Today's websites or Internet-based services are far more complex, incorporating many external third-party elements and infrastructures beyond the firewall. This loss of control is a core reason APM is transitioning into what Gartner calls digital experience management (DEM), a practice where the user experience is the ultimate metric, and where organizations have no choice but to gain control over all externally-sourced elements.
We realized this transition was necessary based on the needs of our customers, whether they are Fortune 100 or startups. So we expanded the Catchpoint monitoring platform to address the following:
The Third Party Explosion: Third-party services make life easy for organizations wanting specialized functions without having to build from scratch. These include social network plug-ins, photo and video services, ad servers, and analytics or marketing tags. Of course, we also all depend to some degree on third-party infrastructure like CDNs, the cloud, and DNS providers. Just ask the hundreds of websites and businesses directly affected by the Amazon S3 outage on February 28. The lesson here is clear: you must monitor these external elements as closely as your home host.
The Holistic View: Once you're expanding your view to include both internal and external elements, you'll find yourself awash in data. Which of these are relevant? How do they interact with each other? And what's the direct impact on your customers? Ultimately you want the ability to precisely correlate all of these with the customer experience. The key is synthesizing information on these elements in a single dashboard-like view, providing IT and DevOps teams with a quick summary and contextual information, without the need to toggle between multiple screens.

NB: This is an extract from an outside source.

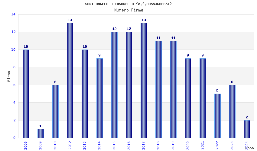 | Anno | Firme | Importi | Media | Naz. | Reg. | Prov. | Comu. |
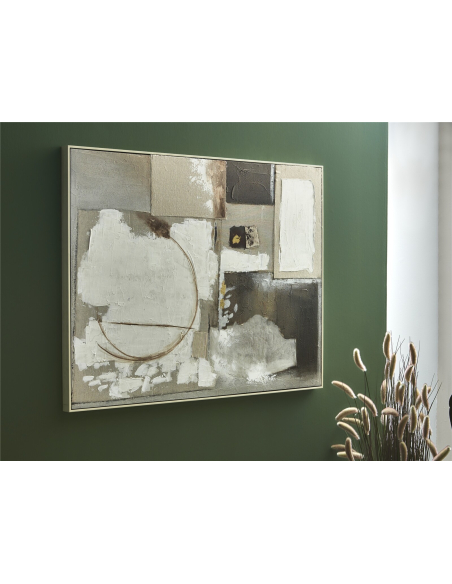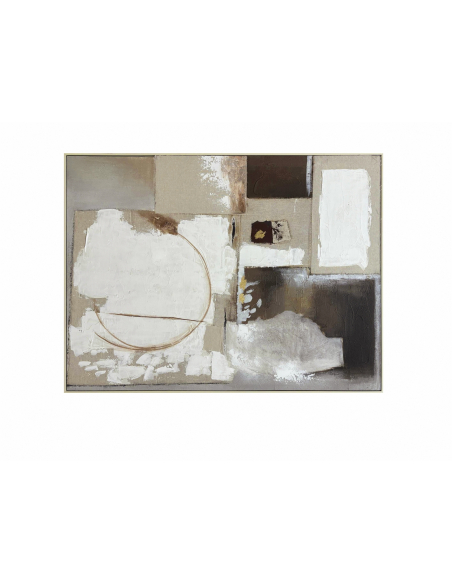 Cuadro abstracto arpillera y óleo 92x122 cm, obra decorativa en formato rectangular con marco de polietileno y bastidor de pino, que combina arpillera y óleo para crear un efecto de texturas en relieve. El diseño abstracto con trazos geométricos y colores neutros aporta dinamismo y carácter artístico, convirtiéndose en el complemento ideal para paredes de salones, dormitorios o despachos. Gracias a su paleta en tonos tierra, blancos y grises, resulta muy versátil y fácil de integrar en diferentes estilos decorativos. Su tamaño de 92x122 cm lo convierte en una pieza protagonista que transforma cualquier espacio con un aire moderno y sofisticado.

Even if an offending element is outside the firewall - for example, a slow regional ISP or a poorly performing cloud service - your level of control is enhanced. Wasted time war-rooming can be avoided, SLAs can be enforced, and contingency plans like decommissioning a third-party service can be initiated quickly.
Speeding MTTR: According to the latest Ponemon Institute figures, the average cost of IT downtime is about $9,000 per minute - and can actually go much higher. This places a premium on fast mean-time-to-repair (MTTR), which consists of four phases - detecting an issue, identifying the source, fixing it and verifying the fix has worked. For many organizations, the second phase - identification - is the longest, most inefficient and most primed for improvements.
MTTR is largely dependent on that Time to Detect (TTD), therefore companies are investing in solutions that can speed the TTD by relying on automated monitoring services. The sooner you detect you have a problem, the sooner you can engage the appropriate people to deliver the appropriate fix.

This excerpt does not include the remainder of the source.